== Data excerpt ==
◇ ◇ ◇
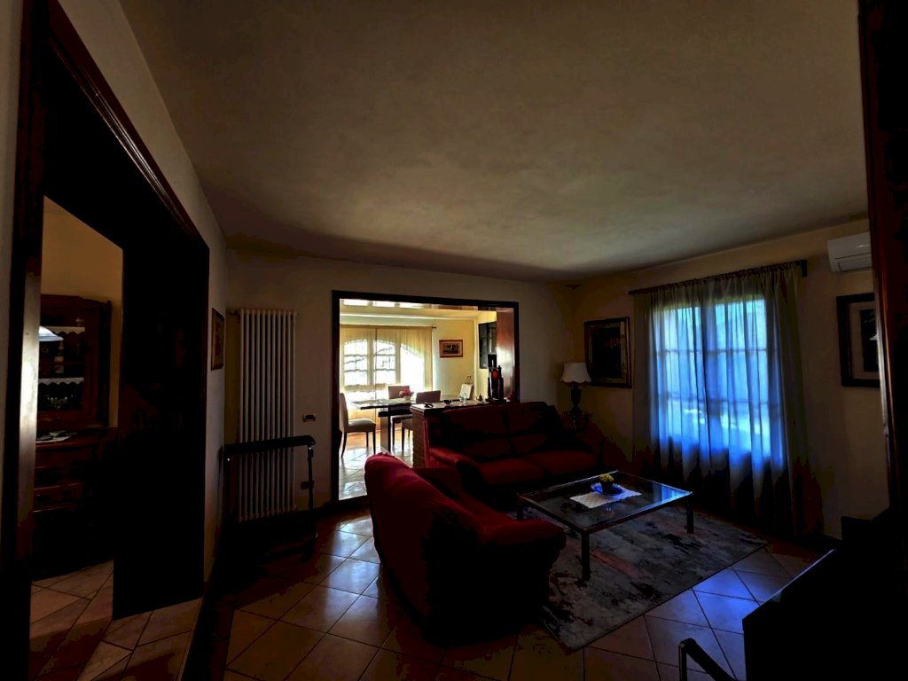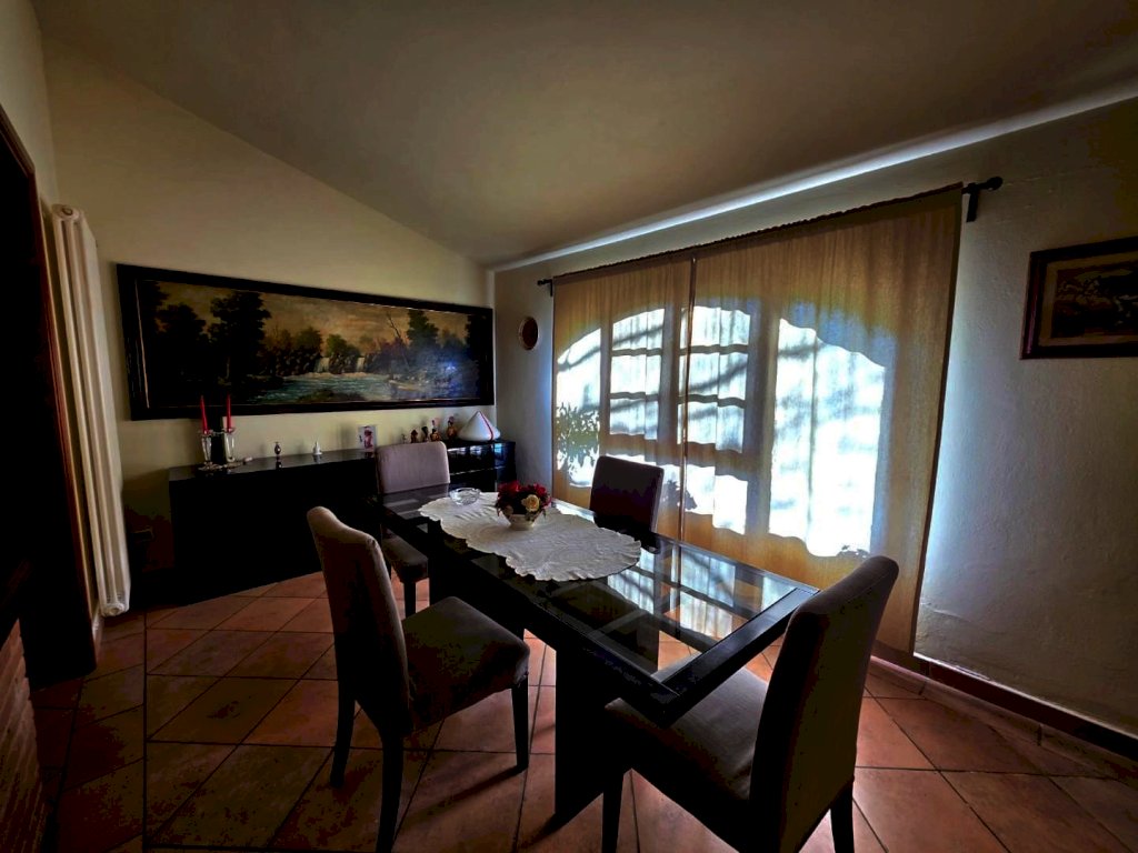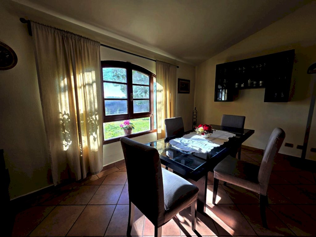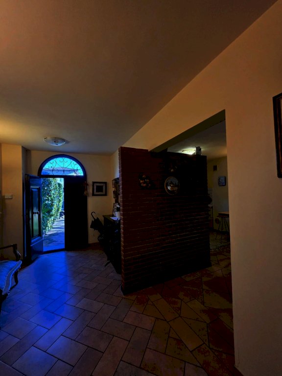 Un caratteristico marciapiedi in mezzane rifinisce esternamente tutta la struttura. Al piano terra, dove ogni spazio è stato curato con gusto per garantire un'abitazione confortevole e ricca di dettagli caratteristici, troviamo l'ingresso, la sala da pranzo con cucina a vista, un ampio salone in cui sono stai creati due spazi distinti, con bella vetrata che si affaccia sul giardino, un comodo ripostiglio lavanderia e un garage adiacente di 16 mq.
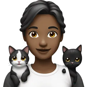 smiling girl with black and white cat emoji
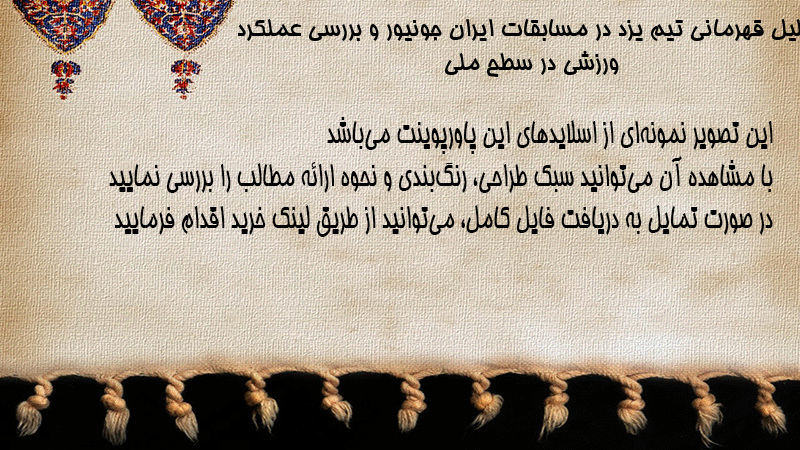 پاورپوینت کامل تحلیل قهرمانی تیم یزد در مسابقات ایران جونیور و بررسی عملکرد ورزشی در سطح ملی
◇ ◇ ◇
== What you will do ==
Leaving the pictures out, output the material exactly as it appears.

== Solution to the exercise ==
 Un caratteristico marciapiedi in mezzane rifinisce esternamente tutta la struttura. Al piano terra, dove ogni spazio è stato curato con gusto per garantire un'abitazione confortevole e ricca di dettagli caratteristici, troviamo l'ingresso, la sala da pranzo con cucina a vista, un ampio salone in cui sono stai creati due spazi distinti, con bella vetrata che si affaccia sul giardino, un comodo ripostiglio lavanderia e un garage adiacente di 16 mq.
 smiling girl with black and white cat emoji
 پاورپوینت کامل تحلیل قهرمانی تیم یزد در مسابقات ایران جونیور و بررسی عملکرد ورزشی در سطح ملی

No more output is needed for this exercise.